Jung rascals

The Police go undercover
By JOYCE MILLMAN  |  July 25, 2007

This article originally appeared in the June 28, 1983 issue of the Boston Phoenix.

Oh, the curse of the beautiful blonde: empty until proven intelligent. Even in pop, blonds get misunderstood. So Sting of the Police spends long hours in musty libraries, seeking the obscure theory, the tony literary reference, constructing a defense. What to say when billions hear your voice?  Hookers in red dresses are no longer enough. De do do do won’t do. Let’s see—he’s already glossed that book by Nabokov; nope, did Koestler last time. Sting perseveres, with stiff upper cheekbones, pumping gray matter; his intellectual honor is at stake. Synchronicity (A&M), the Police’s fifth album, is named after Carl Jung’s principle of “meaningful coincidence”— simultaneous, discrete events (usually one mental, one physical) that, taken together, have significance (of course, any two events taken together can be puzzled over until a connection appears, but then, Sting has always been a mystical sort — his next movie is Frank Herbert’s Dune).

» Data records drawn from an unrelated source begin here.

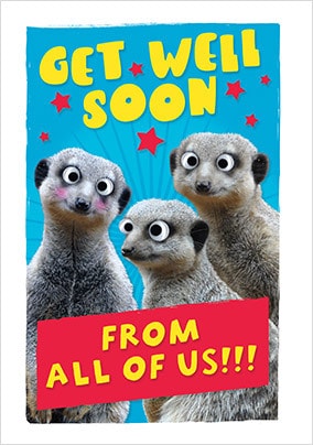 Get Well Soon From All Of Us Meerkats Long Greeting Card
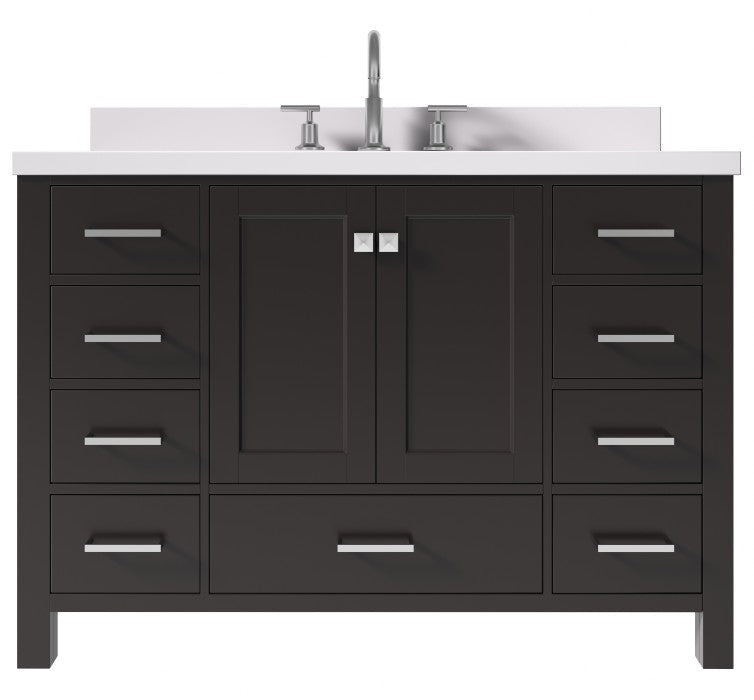 Ariel Cambridge Espresso Transitional 49" Oval Sink Vanity w/ White Quartz Countertop | A049SWQOVOESP
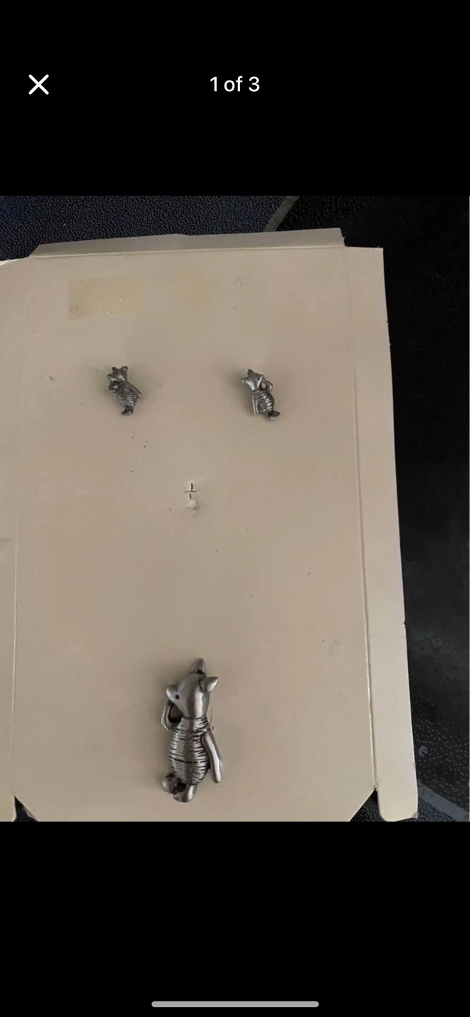 Piglet earrings and pin set. I believe they are pewter but am not 100% positive. They are very nice and would be perfect for any Disney fan. I never wore them.
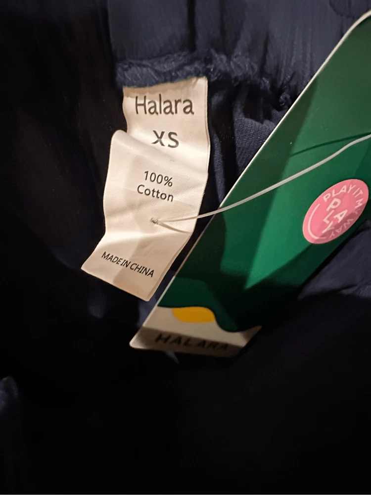 Mid Rise Button Zipper Side Pocket Casual Cotton Joggers in Moonlit Ocean Tag attached Winkles noted Mid waist Back elastic waistband Zipper Two side pockets 100% cotton Fabric does not have any stretch in this style Halara size guide shown in the last image There should be no stains or damage to the garment unless otherwise noted. Original packaging shows signs of handling. Garment may show slight signs of being tried on.

The Police aspire to be the pop band for our time; and now, aheroic, low-profile, following musical whims with no design grander than a vague progressivism, they’ve reached their goal. It’s easy to forget that the Police are a supergroup. But would a record company print 36 different album covers for any old bums?  No, these guys are honest-to-goodness stars of stage, screen, turntable, bedroom wall, MTV, and football stadium. This is not to suggest that the Police haven’t sweated for their place in the end zone. Back in 1978, their survival in London’s new wave — and their penetration of the US’s provincial rock mainstream — depended on the poster-size identities they created from a bottle of Clairol and a few sing-along day-o’s. The Police were genuine reggae aficionados with a missionary streak (we’re talking about two Englishmen and the son of a CIA operative); they wanted to make polite discontent and slightly adventurous rhythms staples of white-rock radio. But they underestimated their audience’s appetites. Soon, new-wave fans in the US — broken in by the Police among others — grew restless. The Clash had arrived, with their revolution-rock reggae and appalling lack of dental hygiene, and suddenly the idea of three pretty boys with bleached-blond hair and good manners endlessly rewriting “The Banana Boat Song” seemed so . . . reactionary. Fortunately for the Police, they knew when it was time to shift from the cult-pleasing eccentricity of their first two albums, Outlandos D’Amour (1978) and Reggatta De Blanc (1979), to crowd-pleasing accommodation. In 1980, they conquered the world airwaves with the poppish Zenyatta Mondatta, which yielded them their first Top 40 hits, “Don’t Stand So Close to Me” and the unfortunate “Do Do Do Do De Da Da Da” (you know, the number in which Sting rhymes “escapes me” with “rapes me”).